Мы сидели, как и в первый вечер, на террасе, но как иначе все выглядело в этот раз! Только-только начинало смеркаться, и нам еще не нужны были лампионы; не видно было ни «спускающихся с горы факельных шествий», ни «рождественских елок» на другом берегу Неккара. В мягкой полумгле июль-ского вечера старый город, как усталый ребенок, не желающий отправляться в постель, ласково прильнул к по-летнему теплым горным склонам, из густой зелени которых тихо пламенел в своей трезвой предсумрачной отчетливости нависший над городом замок.
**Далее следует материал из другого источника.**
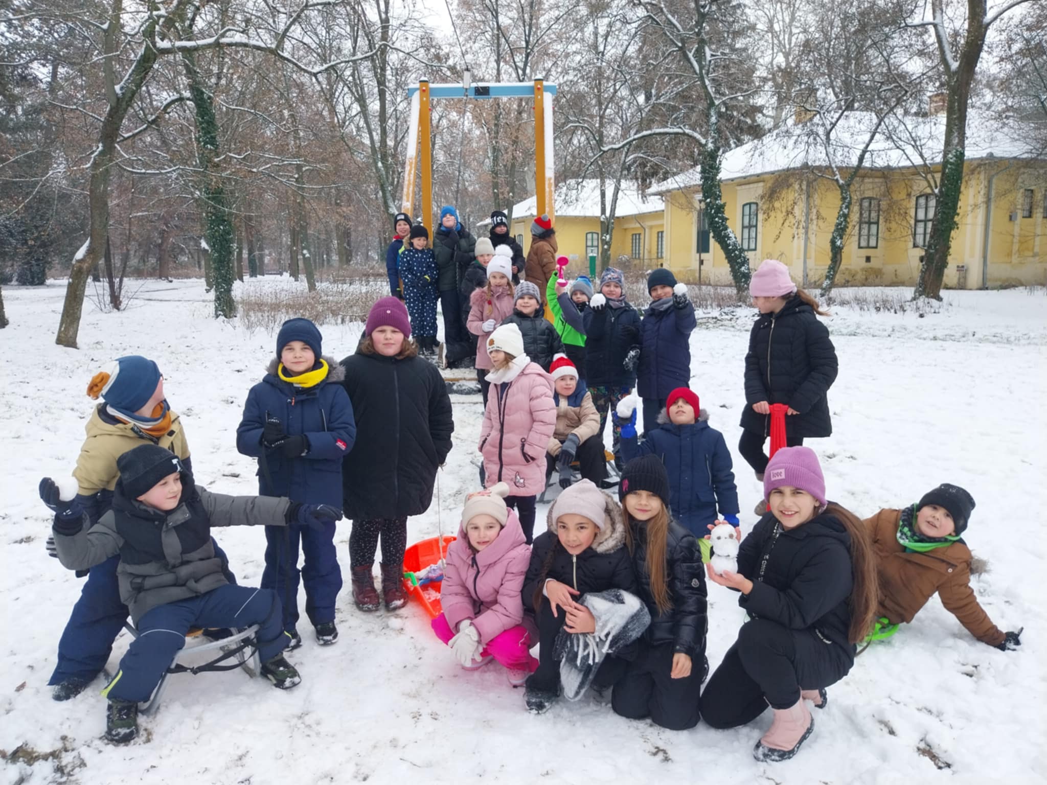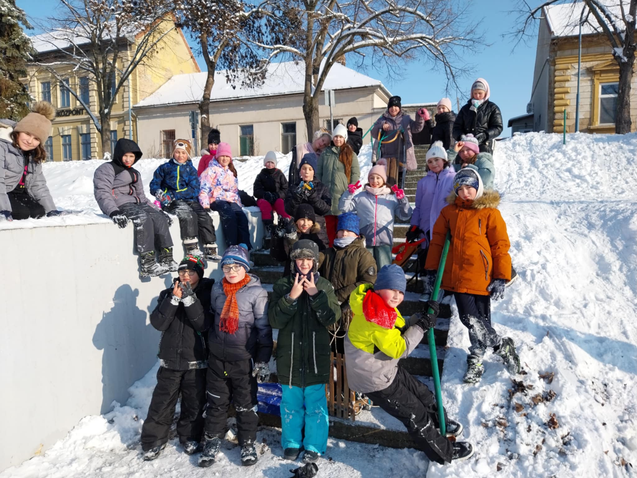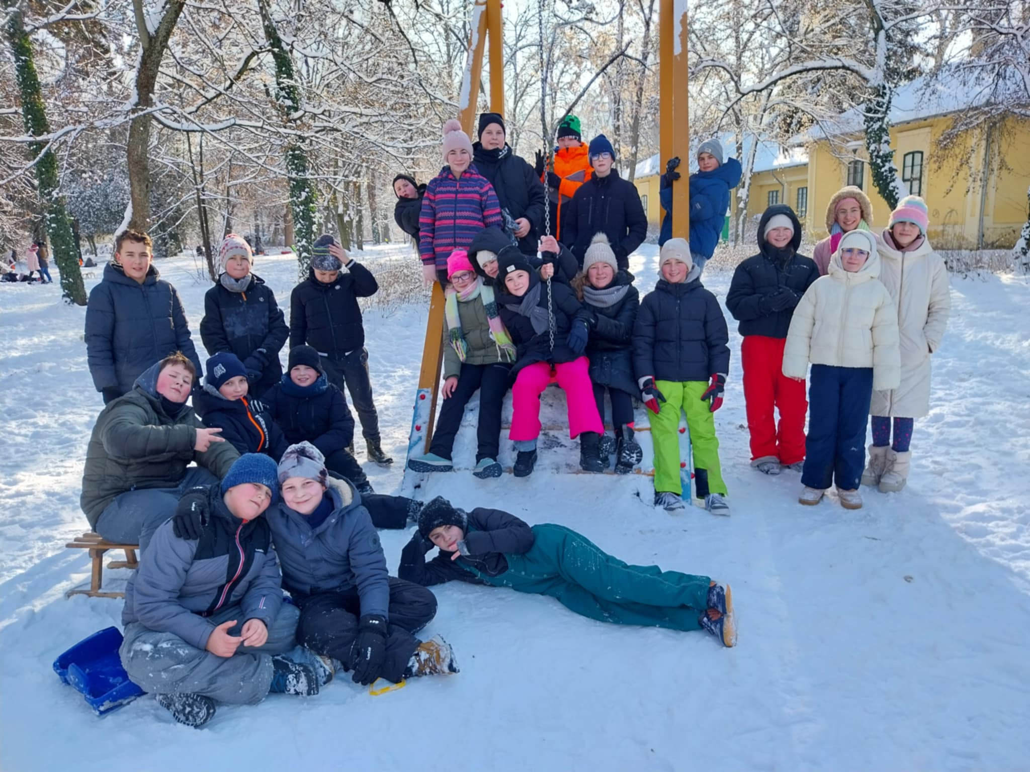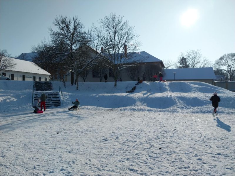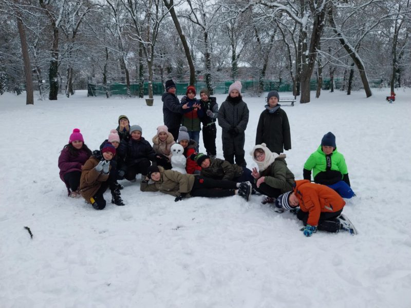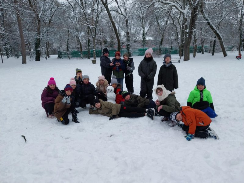 Testnevelés órai havas kalandok az iskola környékén.

Этот день тоже выдался жарким и оставил после себя гнетущую духоту; где-то вдали над долиной Рейна небо уже передергивали бледные зарницы. Природа, казалось, жаждала прохлады, даже заметно обнажившая свои берега река, которая шумела как-то подозрительно тихо. Все мы, не исключая и моего опекуна, вначале чувствовали себя вялыми и измученными; одна лишь Зайдэ, чей организм, похоже, совершенно не зависел от происходивших в природе процессов, сохранила свою неистребимую бодрость.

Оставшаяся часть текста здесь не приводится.